Contrariamente a quanto si pensa, però, il cric auto non si usa solamente in caso di guasto. Il cric auto è infatti uno strumento molto utile anche in officina. Se non si vuole utilizzare o non si ha a disposizione un ponte sollevatore, infatti, l’utilizzo di un cric auto permette di alzare le ruote ed effettuare lavori su cerchi, gomme, freni o sospensioni.

Quali sono i tipi di cric?

Per capire che cos’è un cric auto, bisogna anche sapere che ci sono due tipologie distinte di cric. Ci sono due macro-famiglie di cric auto: quella dei cric portatili e i più ingombranti e robusti cric idraulici a carrello. Sebbene infatti il cric auto sia noto soprattutto nella sua forma portatile, il cric idraulico a carrello è molto più grosso, ma è indubbiamente più robusto e più “forte”, in quanto i modelli migliori reggono anche cinquanta tonnellate di peso.

Il cric portatile può essere sia meccanico, ovvero che alza l’automobile tramite un sistema di leve, o idraulico con una portata massima di 6/7 tonnellate. Si sta poi cominciando a diffondere il cric elettrico, spesso formato da due “cuscini” che sollevano l’auto gonfiandosi. Questa tecnologia, però, non è si è ancora diffusa molto, almeno in Italia.

I cric auto portatili meccanici sono solitamente di tipo a forbice o a pantografo, mentre quelli idraulici più comuni sono quelli a bottiglia. Il cric a carrello, invece, è quasi sempre di tipo idraulico.
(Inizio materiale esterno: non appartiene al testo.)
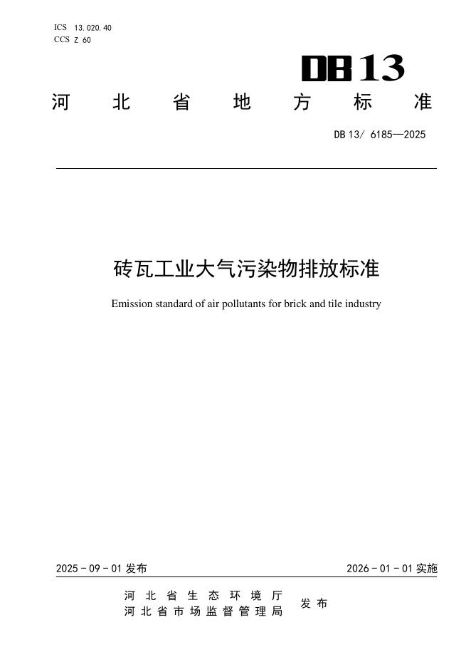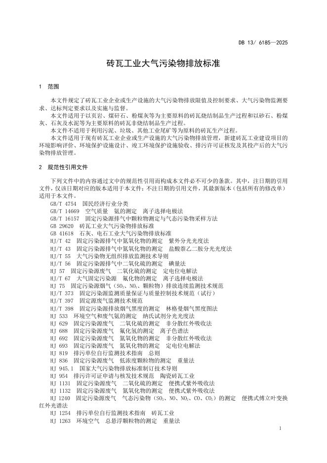 DB13/ 6185-2025 砖瓦工业大气污染物排放标准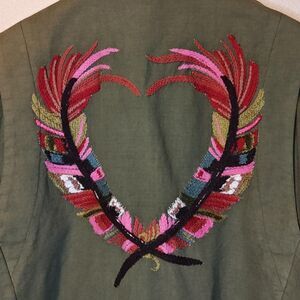 Features intricate embroidered details: geometric floral pattern on front chest pockets and a vibrant multicolor heart-shaped feather motif on the back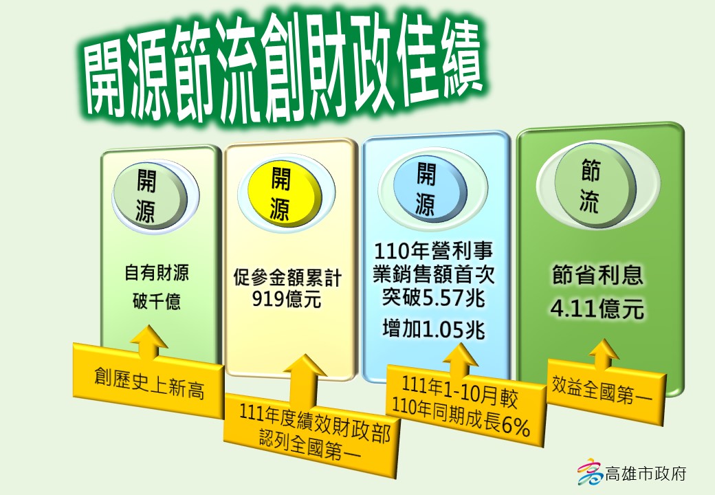 市長上任後,積極推動開源,透過促參及招商引資,帶動城市經濟繁榮,挹注市庫收入成長,使本市自有財源由100年699億元,於111年首度突破千億(1,002億),112年更達到1,100億元,創歷史新高。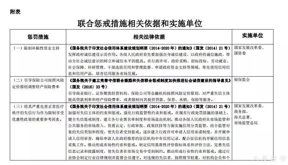 附表:联合惩戒措施相关依据和实施单位
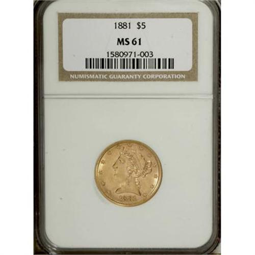 <B>1881 $5 MS61 NGC.</B></I> NGC Census: (2627/6008). PCGS Population (1069/2719). Mintage: 5,708,802. Numismedia Wsl. Price for NGC/PCGS coin in MS61: $280. (#8354)<BR><BR><B>Coin Engraver:</B> Christian Gobrecht<BR><BR><b>Shipping:</b> Coins & Currency (<a target="_blank" href="http://www.heritageauctions.com/common/shipping.php">view shipping information</a>)

La portata di un cric auto parte dai 1.000 kg di un semplice cric meccanico a pantografo e può arrivare a superare le 30 o addirittura 50 tonnellate per i cric idraulici, anche per quelli a bottiglia, perfetti anche per mezzi pesanti.

Tipi di Cric Auto

Tipo di Cric Meccanismo Portata Uso Tipico
Portatile Meccanico (Forbice/Pantografo) Sistema di leve 1.000 kg - 2.000 kg Sostituzione pneumatici, auto di piccola taglia
Portatile Idraulico (Bottiglia) Sistema idraulico Fino a 6/7 tonnellate (fino a 30 tonnellate per modelli pesanti) Auto di media e grande taglia, SUV
Elettrico Cuscini gonfiabili Variabile Emergenze, auto di piccola taglia
Idraulico a Carrello Sistema idraulico Fino a 50 tonnellate Officine, mezzi pesanti

Come funziona un cric auto?

Ora che abbiamo capito cos’è il cric auto, è bene conoscere come funziona il cric auto. Spesso, infatti, non è così immediato utilizzare il cric, e in situazioni di emergenza bisogna essere pronti a saperlo usare correttamente. Il cric, nella sua posizione “di riposo”, è estremamente basso e largo, per essere in grado di infilarsi sotto le automobili più basse.
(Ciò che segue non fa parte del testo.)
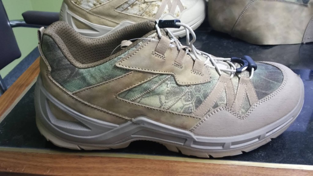 Obuv sportovního střihu ve dvou verzích (kotníková a polobotka) a v několika barevných provedeních – Kryptek Mandrake, Pencott GreenZone a SandStorm, Tan, šedá a černá.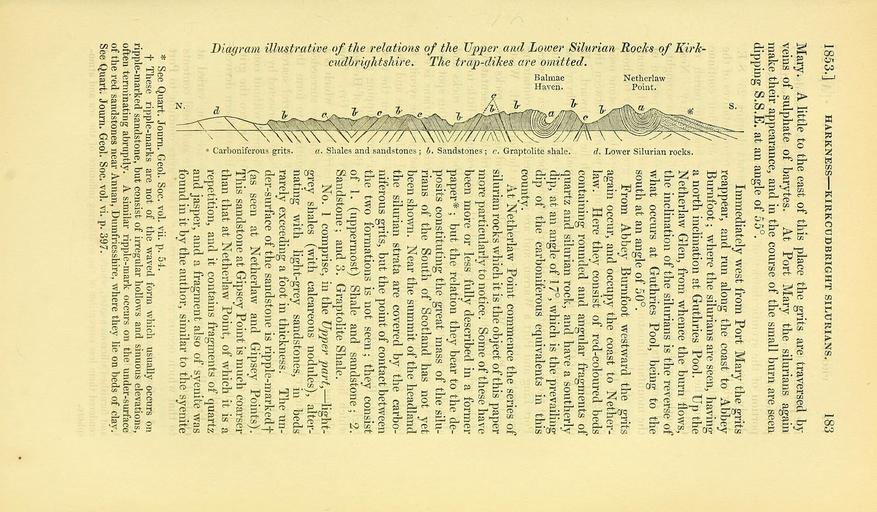 Keywords: The Quarterly journal of the Geological Society of London (12512005023).jpg 1853 <br> HARKNESS KIRKCUDBRIGHT SILURIANS <br> 183 <br> 2 li <br> 3 <br> Mary A little to the east of this place the grits are traversed by <br> veins of sulphate of barytes At Port Mary the Silurians again <br> make their appearance and in the course of the small burn are seen <br> dipping S S E at an angle of 55° <br> Immediately west from Port Mary the grits <br> reappeai' and run along the coast to Abbey <br> Burnfoot ; where the silurians are seen having <br> a north inclination at Guthries Pool Up the <br> Netherlaw Glen from whence the burn flows <br> the inclination of the silurians is the reverse of <br> what occurs at Guthries Pool being to the <br> south at an angle of 50° <br> ' £ From Abbey Burnfoot westward the grits <br> again occur and occupy the coast to Nether- <br> law Here they consist of red-coloured beds <br> containing rounded and angular fragments of <br> quartz and silurian rock and have a southerly <br> dip at an angle of 1 7° which is the prevailing <br> dip of the carboniferous equivalents in this <br> county <br> At Netherlaw Point commence the series of <br> silurian rocks which it is the object of this paper <br> more particularly to notice Some of these have <br> been more or less fully described in a former <br> paper ; but the relation they bear to the de- <br> posits constituting the great mass of the silu- <br> rians of the South of Scotland has not yet <br> been shown Near the summit of the headland <br> the silurian strata are covered by the carbo- <br> niferous grits but the point of contact between <br> the two formations is not seen ; they consist <br> of 1 uppermost Shale and sandstone; 2 <br> Vl Sandstone; and 3 Graptolite Shale <br> No 1 comprise in the Upper part ” light- <br> grey shales with calcareous nodules alter- <br> nating with light-grey sandstones in beds <br> rarely exceeding a foot in thickness The un- <br> der-surface of the sandstone is ripple-markedf <br> as seen at Netherlaw and Gipsey Points <br> This sandstone at Gipsey Point is much coarser <br> than that at Netherlaw Point of which it is a <br> repetition and it contains fragments of quartz <br> and jasper and a fragment also of syenite was <br> found in it by the author similar to the syenite <br> See Quart Joum Geol Soc vol vii p 54 <br> t These ripple-marks are not of the waved form which usually occurs on <br> ripple-marked sandstone but consist of irregular hollows and sinuous elevations <br> often terminating abruptly A similar ripple-mark occurs on the under-surface <br> of the red sandstones near Annan Dumfriesshire where they lie on beds of day <br> See Quart Joum Geol Soc vol vi p 397 <br> 5 <br> y i 34983296 108767 51125 Page 183 Text v 9 http //www biodiversitylibrary org/page/34983296 1853 Geological Society of London Biodiversity Heritage Library The Quarterly journal of the Geological Society of London v 9 1853 Geology Periodicals Smithsonian Libraries bhl page 34983296 dc identifier http //biodiversitylibrary org/page/34983296 smithsonian libraries Information field Flickr posted date ISOdate 2014-02-14 Check categories 2015 August 26 CC-BY-2 0 BioDivLibrary https //flickr com/photos/61021753 N02/12512005023 2015-08-27 09 52 14 cc-by-2 0 PD-old-70-1923 The Quarterly journal of the Geological Society of London 1853 Photos uploaded from Flickr by Fæ using a script |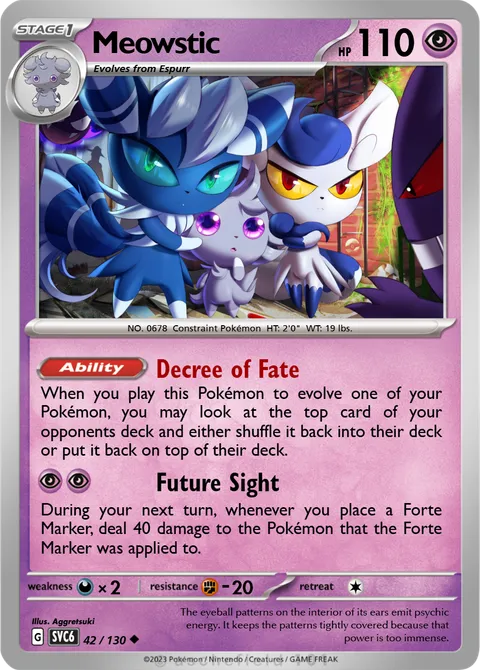 When you play this Pokémon to evolve one of your Pokémon, you may look at the top card of your opponents deck and either shuffle it back into their deck or put it back on top of their deck.Future Sight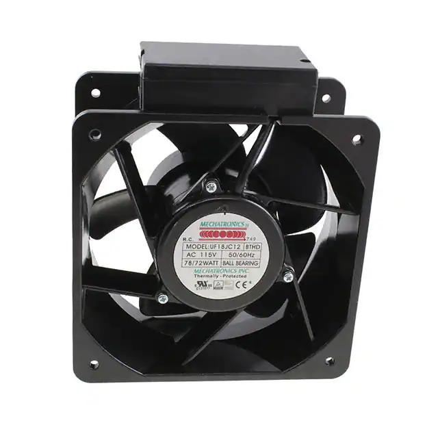 This is manufactured by Mechatronics Fan Group. The manufacturer part number is UF18JC12-BTHR. The blades are constructed from robust polybutylene terephthalate (pbt) materials. It is assigned with possible HTSUS value of 8414.59.6590. The product is rohs compliant. Furthermore, the product is 90.00mm wide. The product features power and watts of 72.0w. It has a 460.0 cfm (12.88m³/min) air flow rate. It is approved by ce, cul, tuv, ul. It has noise values of 59.0db(a). It also exhibits voltage rating of 115vac. This has integrated with a ball, a bearing with long-lasting features. The product has -40 ~ 158°f (-40 ~ 70°c) operating temperature range. It provides maximum rpm up to 3400 rpm. The product has a 1.060 in h2o (264.0 pa) static pressure. It is shipped in bulk. The product's diameters include square - 180mm l x 180mm h. The product features 2 terminals termination style. It has a long 44 weeks standard lead time. Additionally, the product's output is 0.630a Its typical moisture sensitivity level is not applicable. The splendid features of the product include permanent split capacitor motor, thermal overload protector (top). The typical product's weight is 4.8 lbs (2.2 kg). The product uf18jc-4, is a highly preferred choice for users. The frame of the product is made from highly durable aluminum materials. The latest designed fan is a type of tubeaxial offering unmatchable applications. Moreover, it corresponds to uf18j, a base product number of the product. The product is designated with the ear99 code number

Tramite una leva inseribile, il cric auto viene alzato manualmente agendo su questa leva. La testa superiore del cric, quindi, si alza fino ad arrivare a contatto con un punto specifico dell’automobile. Perché in un punto specifico? Le modanature laterali dell’auto, infatti, non sono studiate per reggere il peso dell’automobile in una ridotta sezione della carrozzeria.
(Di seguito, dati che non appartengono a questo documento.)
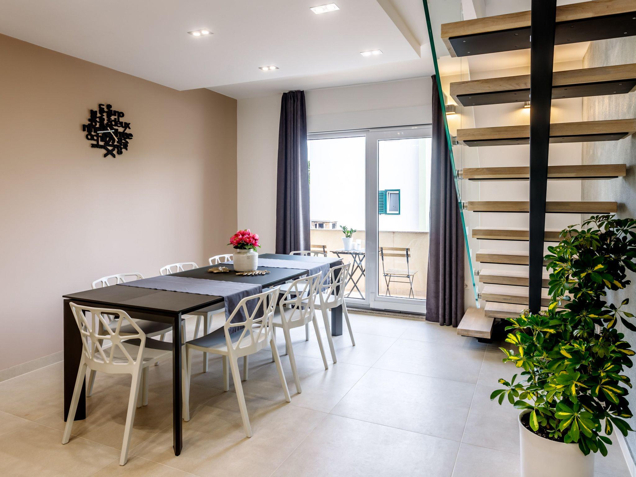 That is the other vertical part. It has also 3 floors but is put in one bigger apartment. It has 2 bathrooms, 4 double bed bedrooms, 1 kitchen with a big dining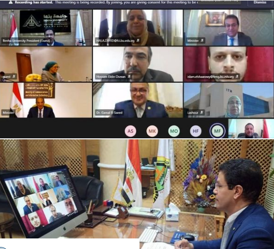 شهد الدكتور خالد عبد الغفار وزير التعليم العالى والبحث العلمى ، والدكتور عمرو طلعت وزير الاتصالات وتكنولوجيا المعلومات، اليوم الأحد عبر تقنية الفيديو كونفرنس، مراسم توقيع بروتوكول التعاون بين وزارة التعليم العالى والبحث العلمى - جامعة بنها ووزارة الاتصالات وتكنولوجيا المعلومات - معهد تكنولوجيا المعلومات.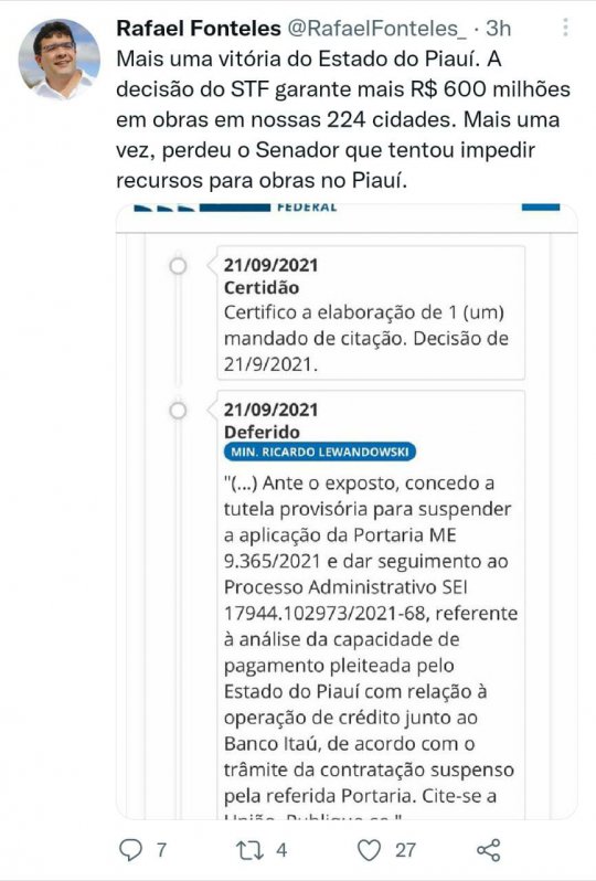 O coordenador do Pró-Piauí, comemorou a decisão através de suas redes sociais e ainda mandou um recado ao Senador Ciro Nogueira, sem citar nomes. “Mais uma vitória do Estado do Piauí. A decisão do STF garante mais R$ 600 milhões em obras em nossas 224 cidades. Mais uma vez, perdeu o Senador que tentou impedir recursos para obras no Piauí”.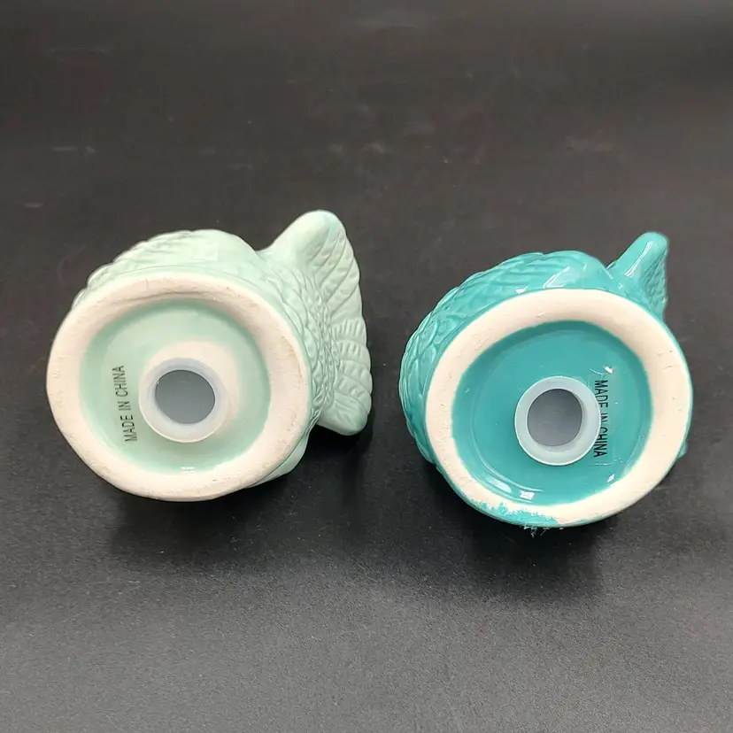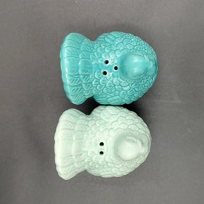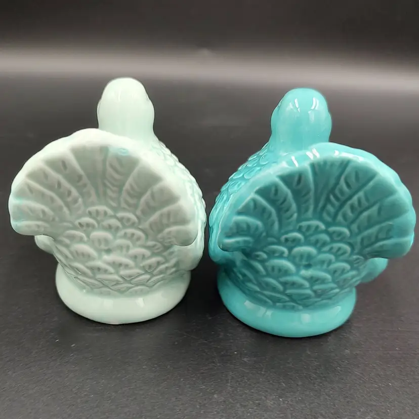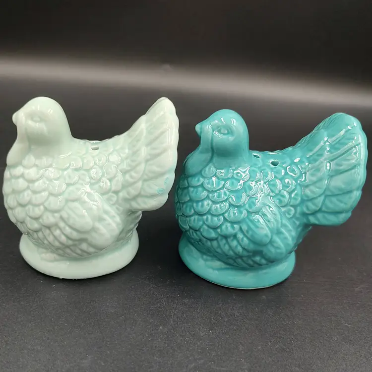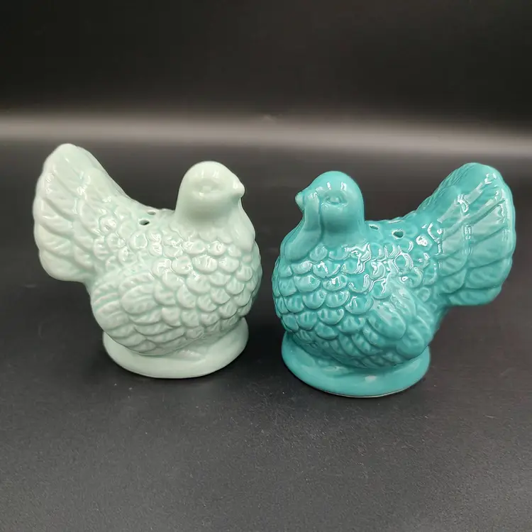 Contemporary Teal Ceramic Turkey Salt and pepper shakers. Chips have been painted. Height 3" x width 3" x length 2". Made in China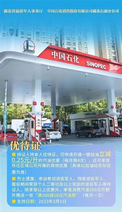 在发布仪式优待项目现场签约环节,湖北省退役军人事务厅与中石化湖北石油分公司、中国电信湖北分公司、中国邮政湖北分公司、湖北文化旅游集团有限公司、武汉中商超市连锁有限公司、武汉融通中南花园酒店有限责任公司6家单位签订拥军优抚合作协议,推出全省首批省级优待项目。现场还发布了各市州部分优待项目,涵盖文化旅游、餐饮住宿、商超消费、医疗健康等领域。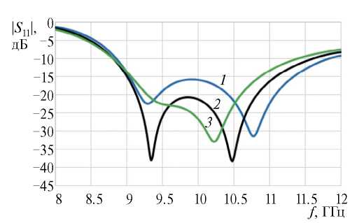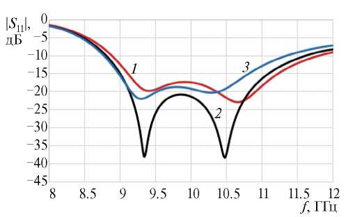 Графики на рис. 3–5 свидетельствуют о том, что частота минимума коэффициента отражения, определяемая резонансной частотой области перехода, зависит от обоих параметров N и L1, в то время как длина зонда на верхнем слое L2 влияет в основном на уровень согласования. Из сопоставления рис. 3–5 следует, что наилучшим сочетанием параметров по критерию ширины полосы согласования перехода является N = 0.7 (рис. 3, кривая 2), L1 = 6.5 (рис. 4, кривая 2), L2 = 8 (рис. 5, кривая 3). Значению N = 0.7 соответствуют значения S = 4.2, S+S1 = 7.2. Однако даже в этом случае уровень согласования перехода лучше чем –10 дБ достигается с частоты немного выше 9 ГГц, т. е. такой переход является более узкополосным по сравнения с переходом в [14], в котором отмеченный уровень согласования достигается во всем диапазоне частот 8…12 ГГц.

Fino a qualche anno fa, per sollevare l’auto si ancorava il cric auto o il ponte sollevatore alle parti più robuste del sottoscocca, ovvero in prossimità dei montanti del tetto, a una decina di centimetri dalle ruote. Da diversi anni, invece, le Case hanno studiato dei punti di sollevamento dove la scocca è più robusta. Questi punti di sollevamento, che possono essere due o più per lato, si trovano a qualche decina di centimetri dai passaruota, e sono a tutti gli effetti piccole sezioni del telaio, o in alternativa dei tamponi in plastica, che “sporgono” dalla minigonna in plastica e permettono di sollevare l’auto senza fare alcun danno.

Dopo aver trovato il punto dove posizionare il cric auto, come funziona il sollevamento? Abbiamo parlato di una leva, una chiave o una manovella, inseribile nel caso dei cric portatili e fissa in caso dei più grandi cric a carrello, che aziona il meccanismo di sollevamento. Nel caso di cric meccanici a pantografo, la chiave stringe le sezioni esterne del cric, che si avvicinano su una vite senza fine e di conseguenza alzano la “testa” del cric auto, che quindi va ad alzare l’auto.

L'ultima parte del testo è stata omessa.